*Your goal*. Without the pictures, set down every line of the data exactly.

*Record excerpts*.
┏━━

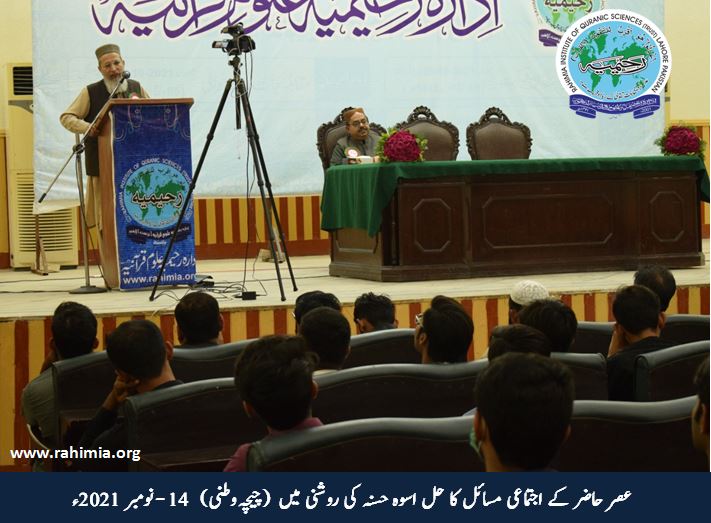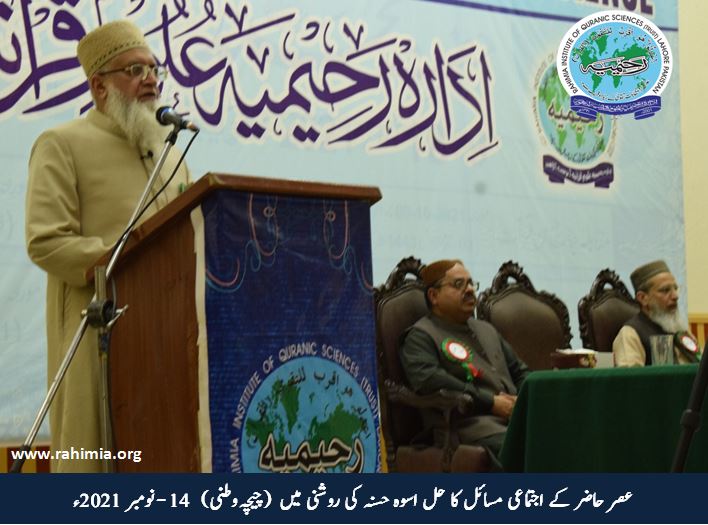 حضرت اقدس نے فرمایا کہ کسی بھی اجتماع کو پرکھنے کے چار اصول (قومی آزادی، اجتماعی عدل، معاشی خوشحالی، سیاسی امن) ہیں۔ ان اصول پر 74سالوں کا جائزہ لیجیے کہ پاکستان اسلام کے نام پر حاصل کیاگیا۔ کیا97%مسلم آبادی میں ان اصول پر عملی نظام موجود ہے؟ آج ہم نے اگر اپنی قومی ریاست بچانی ہے تومذکورہ بالا چاروں اصولوں کو آپ ﷺ کی سیرت سے سمجھ کر سوسائٹی کی تشکیل کرنا ہوگی۔"
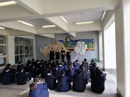 水曜日は1年生の学年集会があります。少し遅れてきた生徒もいましたが、予鈴で始まりました。生徒会の役員の2・3年生が参加してくれ、1年生にボールの使用に関しての連絡がありました。
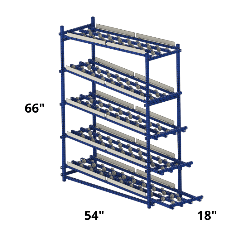 An indexed 4-level flow rack with a return level designed to efficiently deliver materials to the point-of-use across four tiers. Uses an indexing ("waterfall") system to provide various picking points, combined with a return lane for empty containers. Note: Lowest level is used for parts that are only occasionally used.
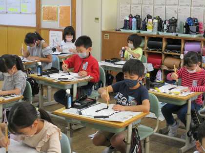 しーんと静かに静まりかえる書写の時間。今日は、「点」と「はね」に気を付けながら「小」の字を書きました。筆の流れに気を付けて、一筆一筆丁寧に取り組んでいました。
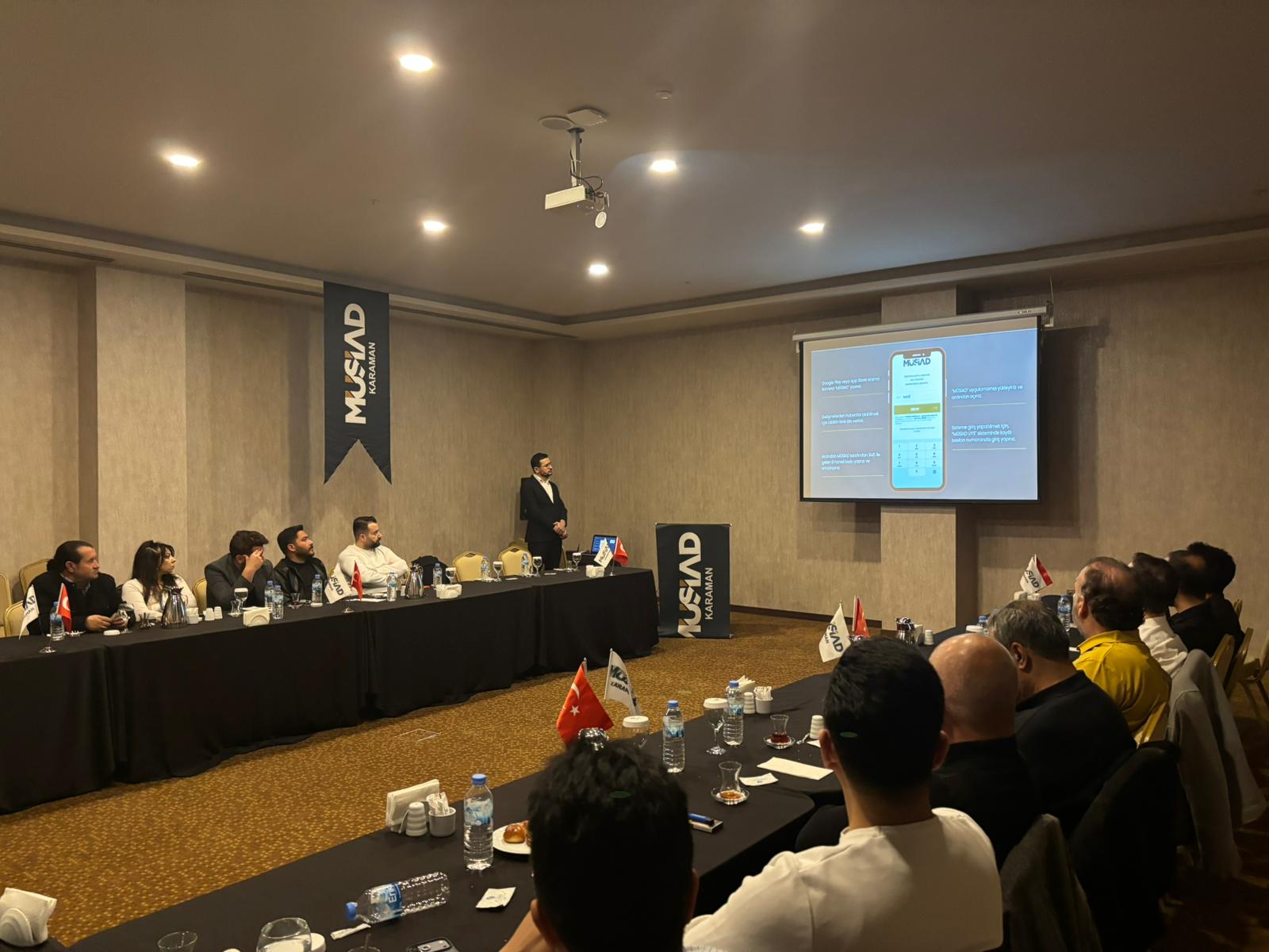 Kocaeli’de gerçekleştirilen Genel İdare Kurulu (GİK) sonuçlarına dair bir sunum yaptı. Üyelerin merakla beklediği tam donanımlı MÜSİAD Mobil Uygulaması'nın tanıtımı gerçekleştirildi. Aplikasyonun üyelere sağlayacağı kolaylıklar bir video eşliğinde anlatılırken, Eylül ayında düzenlenecek olan dev organizasyon MÜSİAD Expo Fuarı hakkında da bilgilendirme yapıldı.
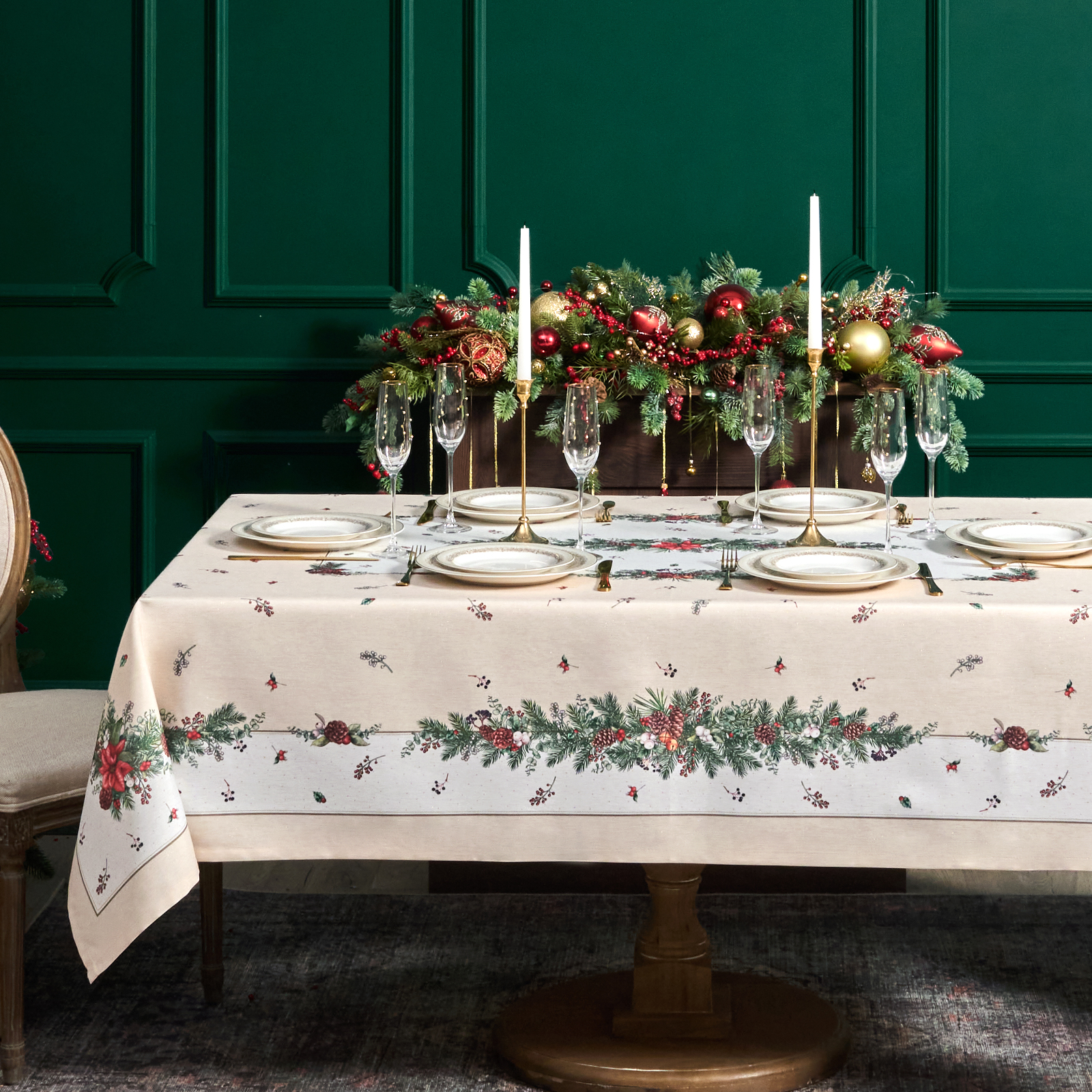 Скатерть из коллекции «Celebration» наполняет интерьер тёплым новогодним настроением и становится стильным акцентом зимнего декора.
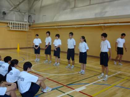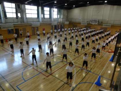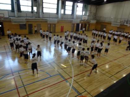 体育館でラジオ体操と大縄跳びの練習をしました。

┗━━

*Response to this exercise*.
 حضرت اقدس نے فرمایا کہ کسی بھی اجتماع کو پرکھنے کے چار اصول (قومی آزادی، اجتماعی عدل، معاشی خوشحالی، سیاسی امن) ہیں۔ ان اصول پر 74سالوں کا جائزہ لیجیے کہ پاکستان اسلام کے نام پر حاصل کیاگیا۔ کیا97%مسلم آبادی میں ان اصول پر عملی نظام موجود ہے؟ آج ہم نے اگر اپنی قومی ریاست بچانی ہے تومذکورہ بالا چاروں اصولوں کو آپ ﷺ کی سیرت سے سمجھ کر سوسائٹی کی تشکیل کرنا ہوگی۔"
 水曜日は1年生の学年集会があります。少し遅れてきた生徒もいましたが、予鈴で始まりました。生徒会の役員の2・3年生が参加してくれ、1年生にボールの使用に関しての連絡がありました。
 An indexed 4-level flow rack with a return level designed to efficiently deliver materials to the point-of-use across four tiers. Uses an indexing ("waterfall") system to provide various picking points, combined with a return lane for empty containers. Note: Lowest level is used for parts that are only occasionally used.
 しーんと静かに静まりかえる書写の時間。今日は、「点」と「はね」に気を付けながら「小」の字を書きました。筆の流れに気を付けて、一筆一筆丁寧に取り組んでいました。
 Kocaeli’de gerçekleştirilen Genel İdare Kurulu (GİK) sonuçlarına dair bir sunum yaptı. Üyelerin merakla beklediği tam donanımlı MÜSİAD Mobil Uygulaması'nın tanıtımı gerçekleştirildi. Aplikasyonun üyelere sağlayacağı kolaylıklar bir video eşliğinde anlatılırken, Eylül ayında düzenlenecek olan dev organizasyon MÜSİAD Expo Fuarı hakkında da bilgilendirme yapıldı.
 Скатерть из коллекции «Celebration» наполняет интерьер тёплым новогодним настроением и становится стильным акцентом зимнего декора.
 体育館でラジオ体操と大縄跳びの練習をしました。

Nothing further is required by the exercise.